Su Xin1, Wang Ziyi1, Wang Yupeng2, Zhou Siyuan3

1 College of Internet of Things Engineering, Hohai University, Changzhou, Jiangsu 213002, China

2 School of Electronic Information Engineering, Shenyang Aerospace University, Shenyang, Liaoning 110136, China

3 School of Computer and Information, Hohai University, Nanjing, Jiangsu 211106, China

Abstract:

Multi-access edge computing (MAC) can effectively ensure low latency and high reliability in data transmission for maritime monitoring sensor networks (referred to as sensor networks) and various related maritime applications. In coastal scenarios, two offloading models are established: multi-user single-hop unicast (MSU) and multi-user multi-hop unicast (MMU), based on the distribution of edge computing resources. By separating the optimization objectives using mixed-integer nonlinear programming, transmission power is effectively allocated, and offloading decisions are made using an improved artificial fish swarm algorithm (AFSA). The results show that the proposed optimization algorithm can reduce network latency by nearly 19% compared to traditional solutions. In offshore scenarios, a distant sea MSU offloading model is established, and a reasonable channel allocation algorithm is proposed based on network connectivity probability. The results indicate that when network connectivity time is sufficient, the number of sub-channels allowed for allocation can be increased, reducing network latency; when network connectivity time is limited, the number of maritime user devices to be offloaded can be controlled to ensure network transmission latency.

Keywords: Maritime monitoring sensor networks; Multi-access edge computing; Artificial fish swarm algorithm; Channel allocation

Citation format:

Su X, Wang Z Y, Wang Y P, et al. Multi-access edge computing offloading in maritime monitoring sensor networks[J]. Chinese Journal on Internet of Things, 2021, 5(1): 36-52.

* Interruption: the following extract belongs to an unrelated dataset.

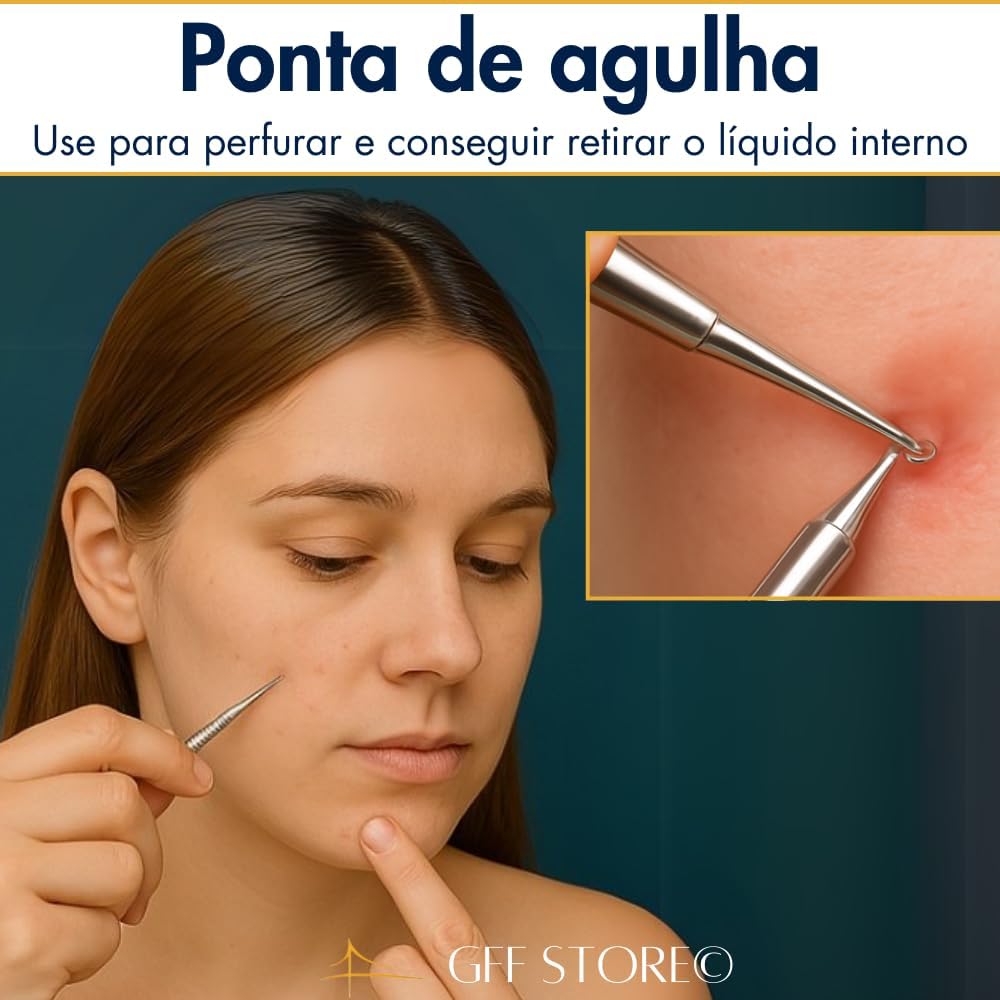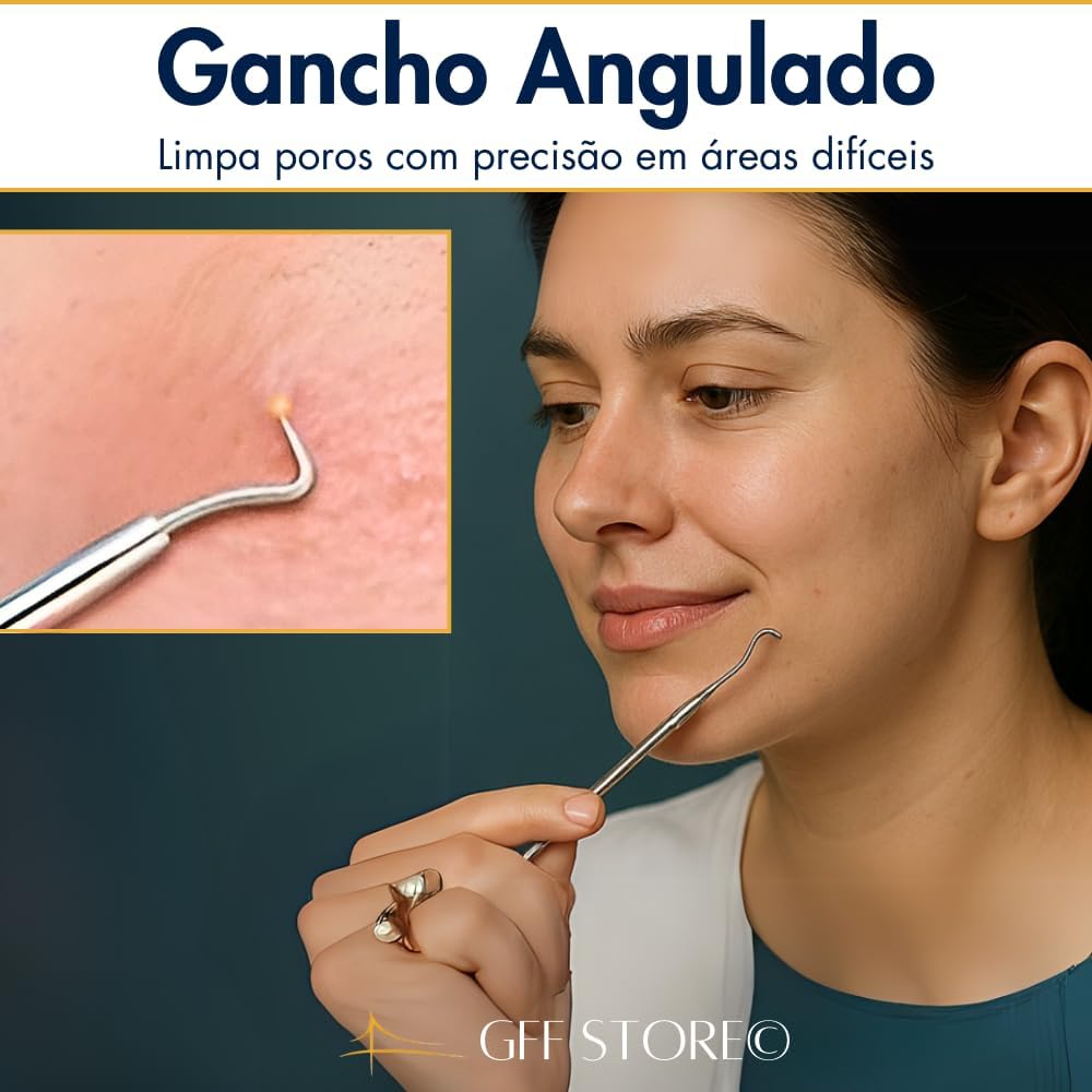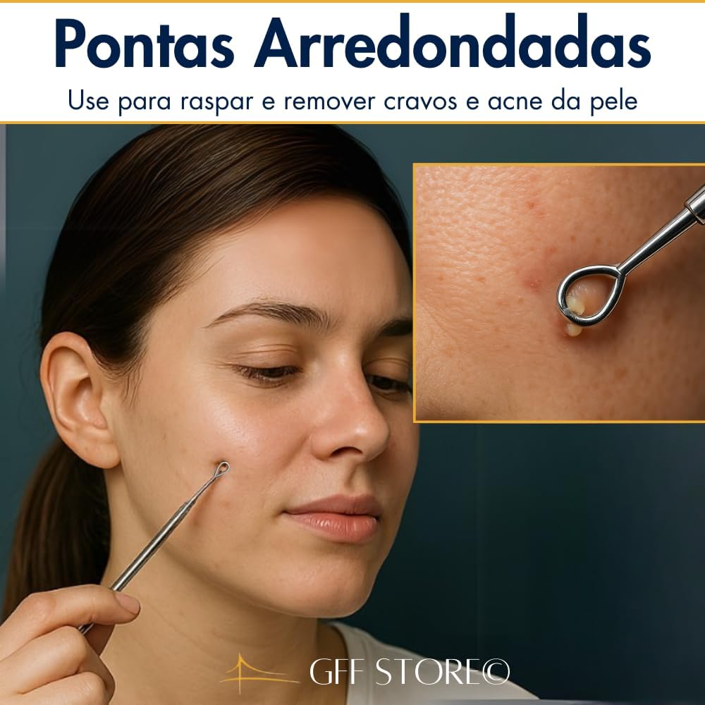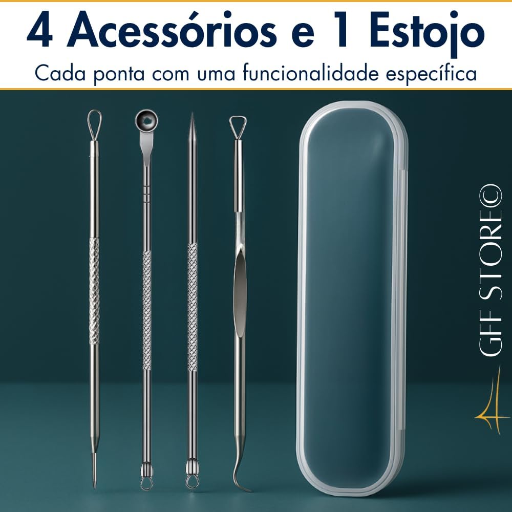 Remoção Precisa de Cravos e Espinhas: Kit profissional com 4 ferramentas de uso dermatológico, ideal para limpar profundamente sem agredir a pele. Remove cravos pretos, brancos e espinhas de forma segura e eficaz.

SU X, WANG Z Y, WANG Y P, et al. Multi-access edge computing offloading in maritime monitoring sensor networks[J]. Chinese Journal on Internet of Things, 2021, 5(1): 36-52.

1 Introduction

The maritime monitoring sensor network (referred to as sensor network) is an important part of the future smart marine information network, providing various monitoring applications and serving as a vital platform for gathering various data on marine space, environment, and resources. The implementation of all-weather, fully automated marine observation, situational awareness, marine information transmission, and comprehensive maritime service poses demands for real-time positioning, emergency rescue, and low-latency information services, particularly in military applications. These demands place high requirements on the maritime monitoring sensor network to support low-latency and high-reliability monitoring applications. The multi-access edge computing (MAC) technology, aimed at the next generation of mobile networks, can effectively support these maritime business and application needs by “downgrading” cloud data centers to the network edge, enabling them to provide computing, storage, and communication capabilities closer to users. However, the new maritime monitoring sensor network system based on MAC still faces several scientific challenges.
Complex maritime monitoring applications can lead to overloaded data processing in local network areas, with a sharp increase in network overhead in certain regions. Achieving flexible adaptation of resources in maritime monitoring sensor networks is the primary problem to be solved.
Compared to traditional terrestrial cellular networks and vehicular networks, the environmental factors of maritime monitoring sensor networks are complex, with significant node differentiation. In particular, in coastal scenarios, the node density of maritime monitoring sensor networks is relatively high, with uneven distribution of edge computing capabilities and complex resource scheduling; in offshore scenarios, the node density is lower, and network connectivity is easily affected by weather and harsh sea conditions, making service continuity difficult to guarantee. Proposing edge data offloading models and algorithms that adapt to different maritime scenarios is also an issue that needs to be addressed.
Based on research related to MAC offloading technology and the challenges faced by maritime monitoring sensor networks, this paper aims to meet the demands for low latency and high reliability in maritime applications and conducts research on MAC offloading technology in maritime monitoring sensor networks. The research results and main contributions are as follows.
This paper establishes two different multi-user offloading models for coastal and offshore scenarios in maritime monitoring sensor networks. For coastal mobile nodes with sufficient and limited computing resources, MSU and MMU offloading models are established respectively. Corresponding priority functions are set to address issues of multi-user contention for channel resources under the MSU offloading model and significant differences in computing resources of first-level offloading nodes under the MMU offloading model. Meanwhile, for offshore scenarios with limited mobile nodes, computing resources, and network connectivity time, a distant sea MSU offloading model is established. To alleviate data offloading blockage, orthogonal frequency division multiple access (OFDMA) technology can be used to allocate physical channels.
In coastal scenarios, the proposed mixed-integer nonlinear programming optimization problem is separated into two sub-problems, effectively allocating transmission power through mathematical optimization, and offloading decisions are effectively made using an improved traditional artificial fish swarm algorithm. In offshore scenarios, a low-complexity sub-channel allocation algorithm for distant sea MSU offloading is proposed to solve the optimal matching problem between multi-users and sub-channels under sufficient and limited network communication time.

2 Related Work

MAC is a core technology for future mobile communications. Combining the advantages of this technology with the characteristics of maritime network edge computing, this paper proposes an optimized offloading scheme for different maritime scenarios. However, the current achievements of applying MAC to maritime monitoring sensor networks to improve network performance are relatively scarce. Therefore, this paper focuses on analyzing and discussing research results related to multi-access edge computing offloading schemes based on terrestrial scenarios, which provide important references for the innovations presented in this paper.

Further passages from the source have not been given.